I cried and my crying merged with the sound of those women. Homs’ voice had been silenced for a long time, but not today.
I think of the tears of the Syrian people, their suffering, their pain and their sadness. I cry and think of my city, ruined and destroyed, besieged and starving, bombed and bombed. I think of the people who stayed in Homs, while we lived in exile. I’m thinking about our history: a history of blood. Hundreds of thousands of people have been killed in Syria over the past 13 years. How can we make sense of our pain?
“Heaven, heaven, heaven. Our homeland is heaven.” It is a paradise from which we were forced to leave. The past should not be overly romanticized, but every person longs for the place that is familiar to them. Our homeland, Syria, is beautiful. It is rich in art and culture, with a diverse people coming from many different religions and sects.
But we were forced to abandon it. More than 6.5 million people have been displaced outside Syria since the civil war began in 2011, mainly to neighboring countries such as Türkiye, Lebanon and Jordan. But they have also gone further: to Germany, Egypt and Saudi Arabia. Nearly as many are displaced within the country, some of them multiple times as the conflict’s front lines continued to shift.
From afar I mourned my city and the beloved family I left behind. Exile felt like a dagger in the heart. It is the pain of thinking about one’s own home, without being able to return. It is a pain that sometimes sleeps and freezes; but at other times it hits with a wave of grief and sadness. The separation from my birthplace and the city I grew up in has been damaging and traumatizing.

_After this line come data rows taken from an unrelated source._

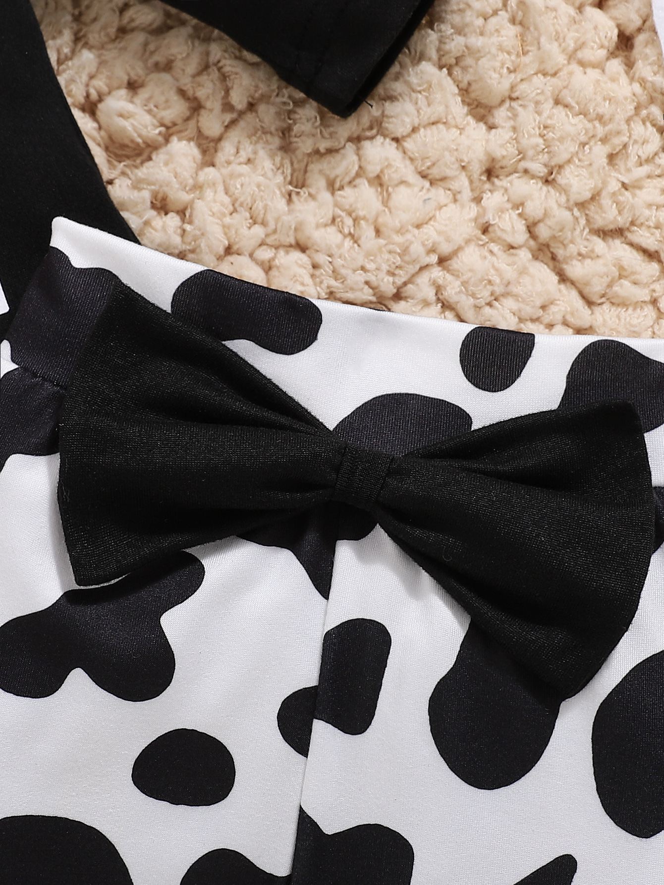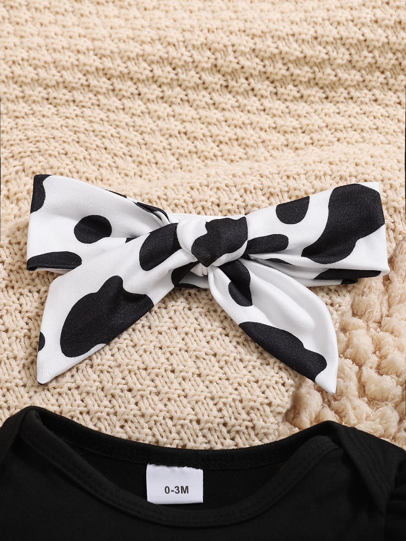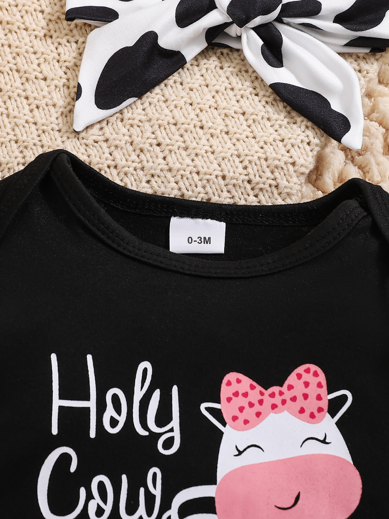 신생아 봄 여름 유럽과 미국의 긴 소매 만화 편지 인쇄 된 바지 암소 인쇄 된 머리띠 모자 세트
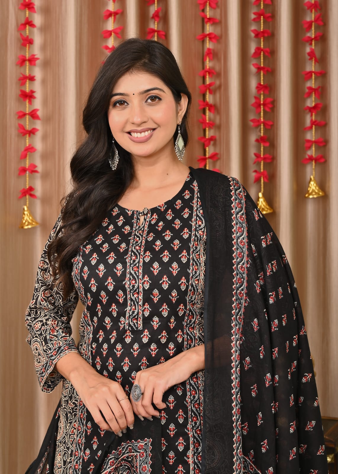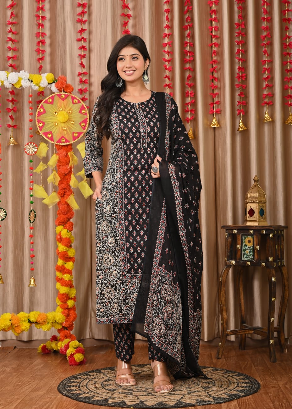 The handcrafted detailing on the neckline adds a refined touch of artistry, while the black base with delicate prints creates an enchanting contrast perfect for both festive gatherings and formal occasions. The premium cotton fabric ensures softness, breathability, and all-day comfort, making this set a must-have in every woman’s ethnic wardrobe.
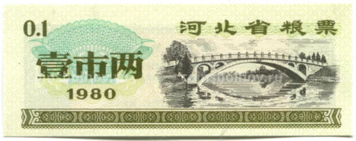 Банкнота Продовольственный талон (Рисовые деньги) 0,1 единицы 1980 года Китай
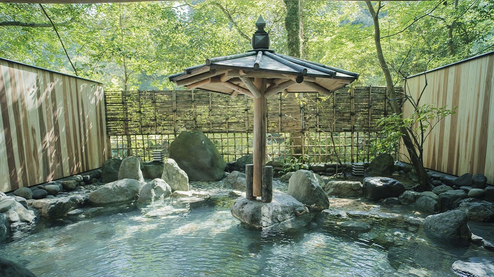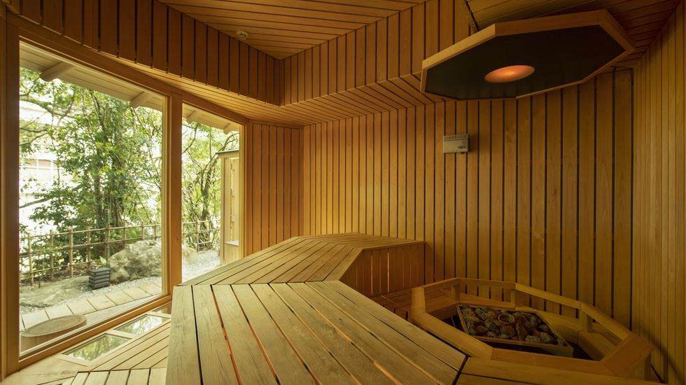 洞窟風呂・露天風呂・内風呂の3種類のお風呂に、ユニークな趣向を凝らしたサウナを設置。お風呂はすべて源泉掛け流しの温泉です。サウナは、狩野川を眺望する「天狗サウナ」に、茶室をモチーフにした「茶室サウナ」、川辺には「バレルサウナ」といった多彩なラインアップ。全てのサウナでロウリュができます。また環境に配慮し、紙パックのお水を用意しています。
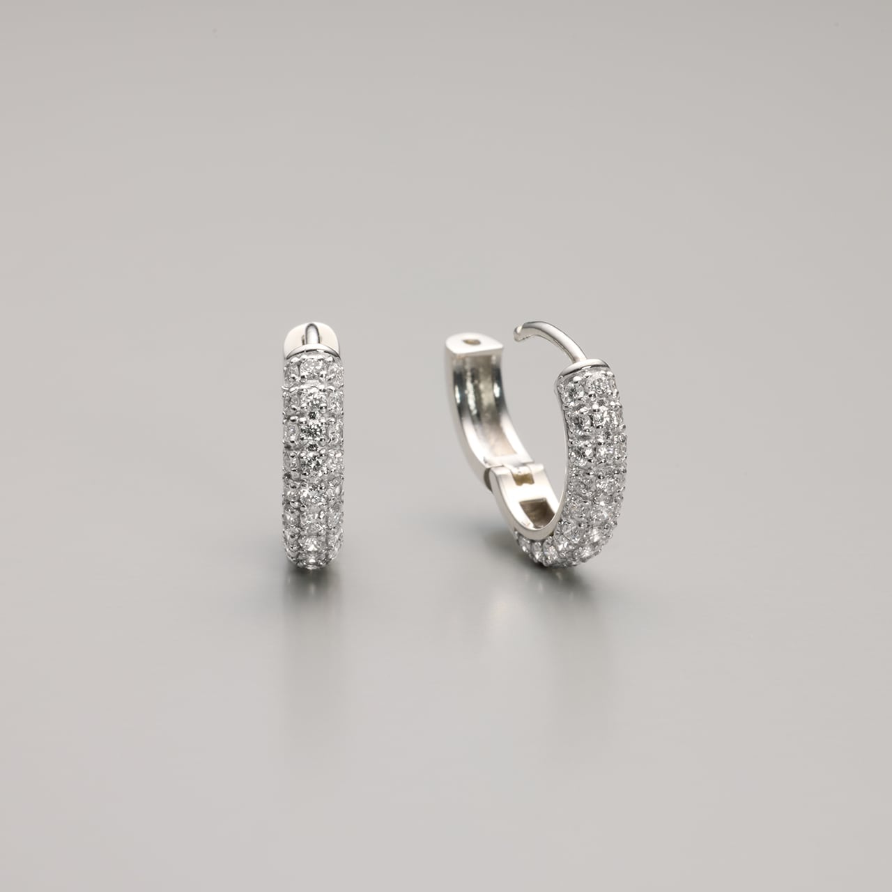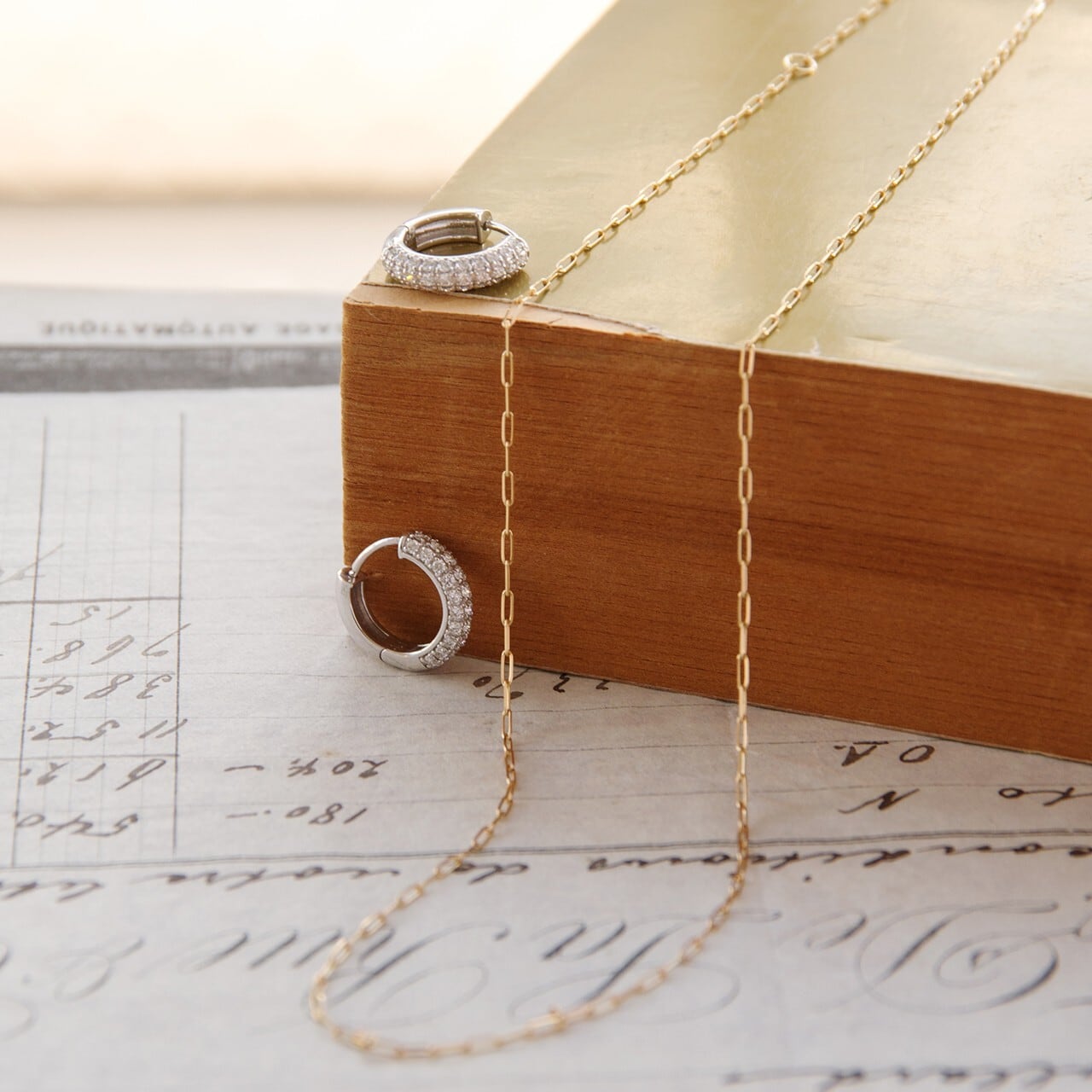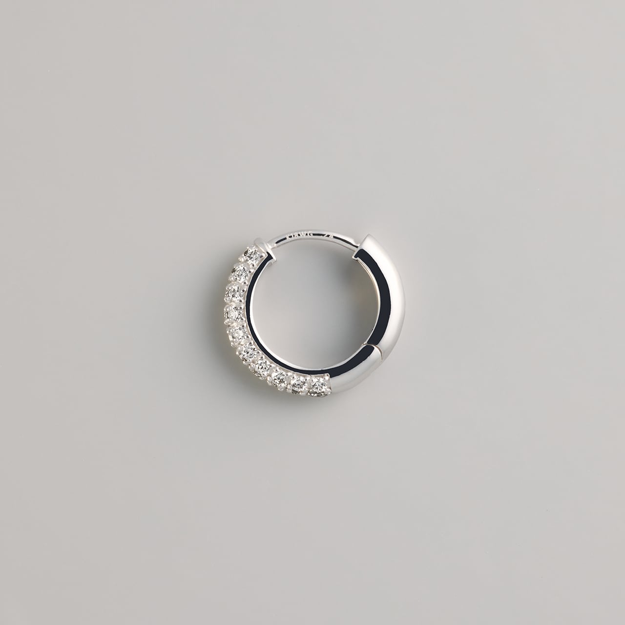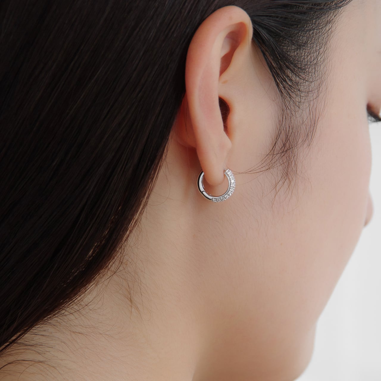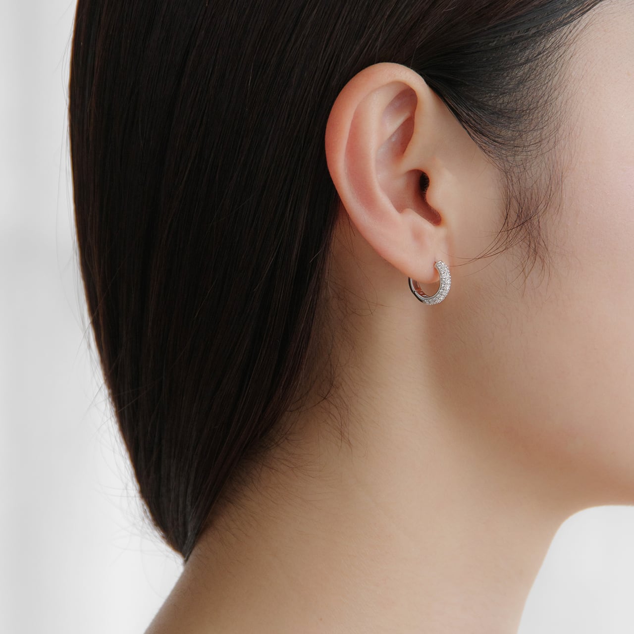 アンティークムード漂うパヴェを、ホワイトゴールドで都会的かつミニマルに再構築しました。熟練の職人が一粒ずつ角度と留め位置をミリ単位で調整。光を受けるたび透明感あふれる輝きを放ち、どの角度から見ても目を奪う美しさを叶えます。シックな装いにもカジュアルにも寄り添う万能デザインで、程よいサイズ感が耳元を上品にドレスアップ。クラシックな趣と現代的な洗練を兼ね備えた、大人のための特別な一本です。
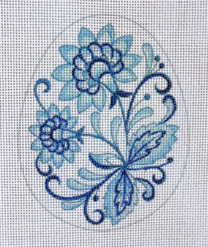 Egg measures 3.5″ wide x 4.5″ tall Original Art Print, Hand Painted Detail 18 count Zweigart Deluxe mono canvas. Stitched sample shown courtesy of Susan! canvas only
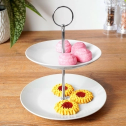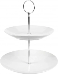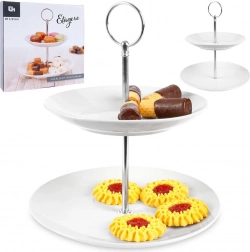 Ce présentoir en porcelaine à deux niveaux, dans un blanc intemporel, complète parfaitement toute table. Créez un sweet bar stylé ou servez élégamment fruits, macarons, biscuits ou amuse-bouches salés. La structure stable avec colonne centrale métallique et poignée pratique permet un transport sûr, même lorsque le support est bien garni.
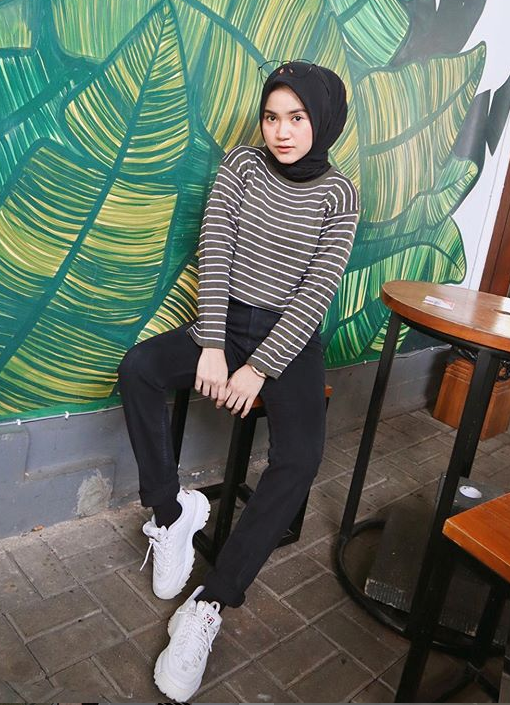 Baju dengan v neck ini memberikan efek lebih kurus.
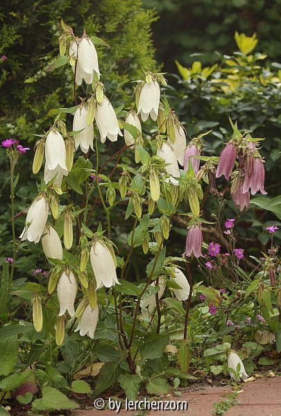 Bildname: Tüpfel-Glockenblume (Campanula punctata), "Alba" und ?"Hot Lips"
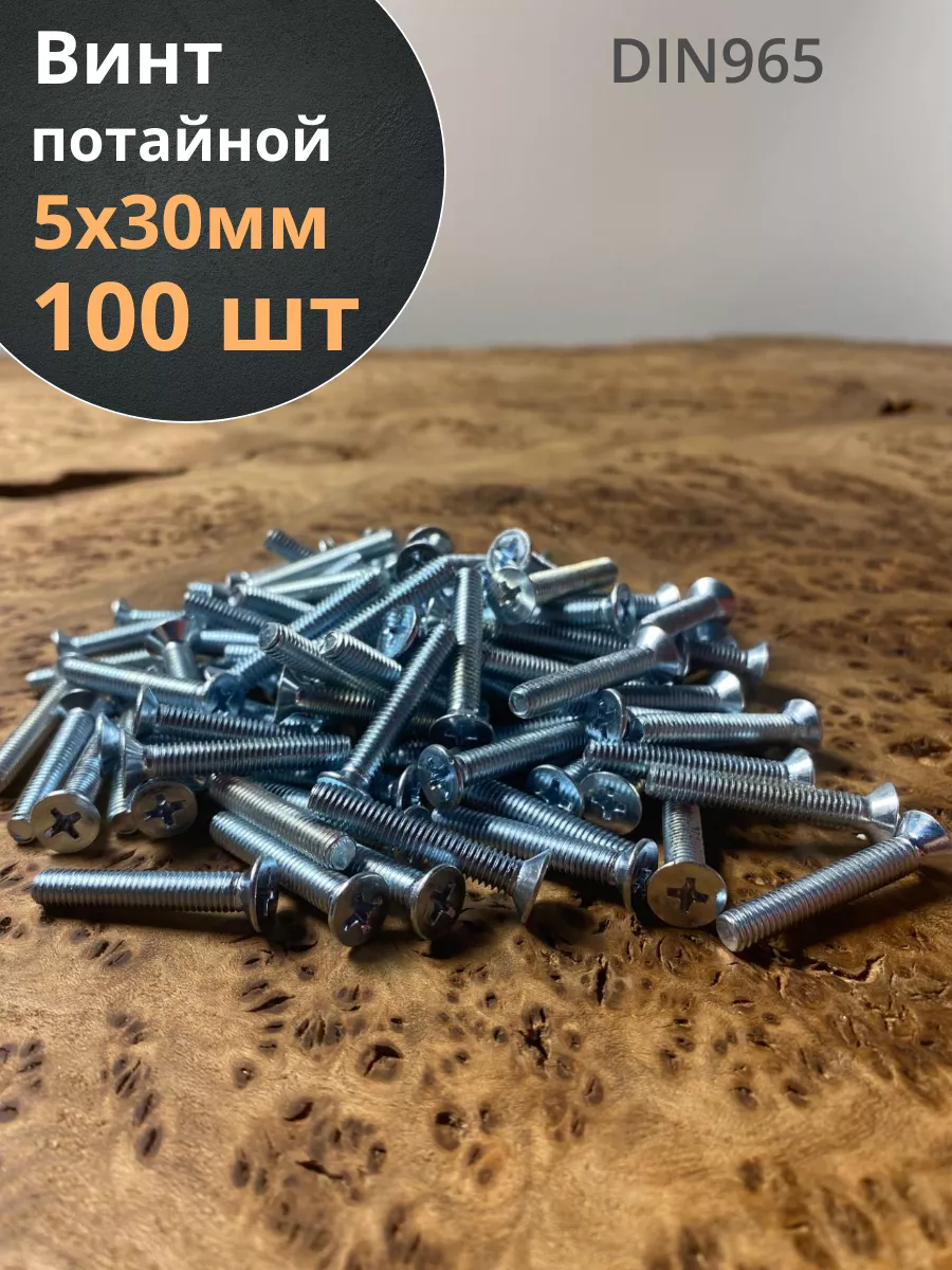Винт потайной оцинкованный 5х30 DIN965, 100 шт.

But what a memorable night this has been. What a time to be alive. When an empire of horrors collapsed, memories passed through my mind and filled my heart.
Videos have emerged of internally displaced people returning to reunite with their families. A man hugs his mother. He kneels to kiss her feet but she stops him. It is a gesture of respect and love. The scene melts the heart.
Now I think of those who died without seeing this. I think of the beautiful Fadwa Souleimane and May Skaf, two Syrian actresses and activists who died in exile in France, in 2017 and 2018, respectively. And I’m thinking about my friend Taher Al-Seba’e, who was murdered by the Syrian government in 2011. He was an architecture student marching in a peaceful protest on my street.
In a video, Skaf cries and curses Assad: “You have humiliated the people. Wherever we go, we are humiliated.” She wipes her tears with her hands. I wish I could see what is happening today.
I dream of a just and democratic future. A future where we all live with dignity and have the right to be who we are. The walls of fear have been destroyed and suddenly a new landscape of hope appears before us, one that has been so difficult to dare to imagine in recent years.
I dream that our cities and towns can be rebuilt. I dream of returning to Homs, touching the walls of my building, being at home with my family. I dream of a future without ruins and without war.
I travel to London with Syrian friends to celebrate in Trafalgar Square as history is being written in front of us. These friends are from Homs, the occupied Golan Heights, Damascus, Aleppo, As-Suwayda and Deraa. We hugged, laughed and congratulated each other. We dream of our return and think about our trips to Syria.
Last week the exile seemed endless. But now there is no more forever.